We compared the characteristics of rural counties with any versus no waivered NP or PA as of March 2019, as well as the characteristics of rural counties with any waivered NPs or PAs, stratified into quartiles of waivered NPs and PAs per 100,000 population as of March 2019. We used county-level linear regression, controlling for the county demographics listed above, to estimate adjusted differences in characteristics between rural counties with and those without waivered NPs or PAs and between counties in the highest and those in the lowest quartiles of waivered NPs and PAs per capita.

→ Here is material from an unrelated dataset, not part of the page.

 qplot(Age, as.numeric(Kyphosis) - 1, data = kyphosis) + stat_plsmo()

Finally, we compared the average county-level buprenorphine treatment capacity from all clinicians, from physicians alone, and from NPs and PAs alone and the number of waivered clinicians as of March 2019 in counties with full and those in counties with restricted scope of practice laws for NPs and PAs. To estimate the adjusted difference in these outcomes between counties by scope of practice, we used county-level linear regression, adjusting for all of the county demographics listed in appendix table 3 and the number of total physicians per 100,000 population.27 We also examined within-county monthly growth of waiver adoption as measured by buprenorphine treatment capacity from NPs and PAs by scope of practice, using a county-month-level linear regression model with county-level fixed effects. We used robust standard errors clustered at the state level.

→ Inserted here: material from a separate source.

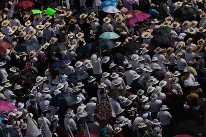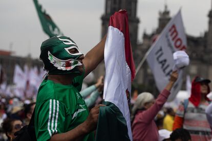 Luz Elena González y Alicia Bárcena durante el mensaje Claudia Sheinbaum en el Zócalo de Ciudad de México, este domingo.Presidencia de MéxicoEl Palacio Nacional durante el informe de Claudia Sheinbaum. La presidenta hizo un recordatorio de su lucha contra la corrupción, uno de los preceptos de Morena y su fundador, el expresidente Andrés Manuel López Obrador. Rodrigo Oropeza “Recibí la herencia de un hombre honesto y comprometido, el presidente López Obrador", señaló Sheinbaum durante su discurso. Rodrigo OropezaUna mujer se cubre con un sombrero con el nombre de la presidente mexicana.Quetzalli Nicte Ha GonzálezSheinbaum destacó la reducción de la pobreza, que pasó de 45% en el país durante la “larga noche neoliberal”, hasta el 29% donde se encuentra ahora.QUETZALLI NICTE-HA“La honestidad no es la excepción, es la regla. Quien traiciona al pueblo enfrenta a la justicia”, aseguró la presidenta de México.Rodrigo OropezaDesde temprana hora, miles de personas comenzaron a llegar a pie, desde las estaciones del Metro más cercanas o en autobuses que los transportaron hasta el lugar. Quetzalli Nicte Ha González La mandataria anunció este domingo tres nuevos programas. Uno contempla recursos para todas las mujeres de 60 a 64 años. El segundo extiende las becas Rita Cetina, que envían bimestralmente 103 dólares a toda familia con estudiantes en secundarias, a los estudiantes de primarias. El tercero amplía la red de médicos que atiende a adultos mayores y discapacitados a domicilio. Henry Romero (REUTERS)“Son 13,5 millones de mexicanas y mexicanos los que salieron de la pobreza. Es un logro que no podrá borrar ninguna campaña de odio ni las mentiras de la derecha. Es un hecho irrefutable”, afirmó la mandataria durante su mensaje.QUETZALLI NICTE-HA (Quetzalli Nicte Ha González)Un asistente acude con un disfraz de ajolote durante el primer informe de Gobierno de Claudia Sheinbaum.QUETZALLI NICTE-HA
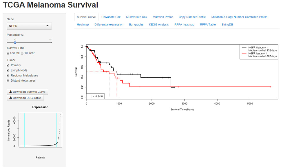Snapshot of UZH Cancer Browser. Left panel shows selectable parameters for gene, patient percentile, survival time and tumor type. Normalised expression of NGFR accross all patients can be seen in the scatterplot in the bootom left corner. In the main panel of the webtool, tabs for the analysis modules can be selected for visualisation. In this snapshot the survival curve module is selected and the Kaplan-Meier plot is shown.

Analyses were performed in R, version 3.5.0, and Stata, version 14.2. This study was deemed exempt from review by the Institutional Review Board at the Harvard T. H. Chan School of Public Health.
Limitations
This analysis had several limitations. First, we were unable to assess the association of NP and PA waiver adoption with patient access to treatment because we lacked data on the prescribing of buprenorphine or other patient-level measures of medication-assisted therapy. It has been well documented that only a fraction of the clinicians who obtain a buprenorphine waiver prescribe any buprenorphine, and of those who do prescribe the medication, most are not prescribing at close to their waiver limit.11,30 Therefore, our analysis was focused on the clinicians who could deliver OUD treatment, not the direct measurement of access to those services.

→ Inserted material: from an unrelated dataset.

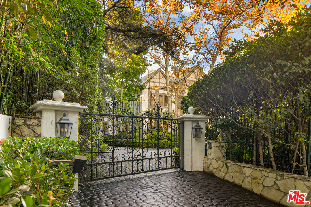 Steeped in Old Hollywood glamour, this extraordinary Beverly Hills estate is more than a home; it's a living piece of cinematic history. Once owned by Harry Warner, co-founder of Warner Bros., this Tudor-style masterpiece has hosted Hollywood royalty, global dignitaries, and some of the most legendary figures of the past century. Adding to its mystique, Marilyn Monroe was rumored to have stayed in the guesthouse, making this estate a true icon of Los Angeles' golden era. Set on a 1.15-acre flat lot with rare street-to-street access, the property offers unparalleled privacy behind three gated entrances. The meticulously landscaped grounds unfold like a private oasis, featuring a north-south championship tennis court, a serene grotto pool and spa, a koi pond framed by lush gardens and romantic fountains, and an expansive lawn perfect for grand entertaining. The charming guesthouse, steeped in its own storied past, houses the a guest suite, offering a private retreat for visitors. Inside, 12,000 square feet of refined luxury blend the romance of Old Hollywood elegance with modern comforts. Exposed rough-hewn beams, intricate hand-carved woodwork, and imported French hardwood floors create an ambiance of warmth and authenticity. The grand arched doorways lead to six opulent bedroom suites in the main residence, alongside an intimate library lounge, billiards room, state-of-the-art screening room, and private fitness center. A professional-grade country kitchen serves as the heart of the home, designed for both intimate family moments and large-scale entertaining. From the cobblestone driveway and porte-cochre to the towering heritage trees and manicured gardens, every detail of this estate reflects unparalleled craftsmanship and prestige. This is not just a residence; it is a rare opportunity to own a true Hollywood legacy, an architectural treasure that continues to captivate and inspire.Interested in this Listing?

Second, there were differences between states with and those without full scope of practice, so our analysis could not fully exclude the possibility that the states with full scope of practice would have had similar changes in the absence of those scope of practice regulations. Therefore, we could not assess the causal impact of scope of practice on buprenorphine waiver adoption. However, this analysis was able to assess the causal impact of the Comprehensive Addiction and Recovery Act on NP and PA waiver adoption nationally because before the act, there was no mechanism for NPs or PAs to acquire these waivers.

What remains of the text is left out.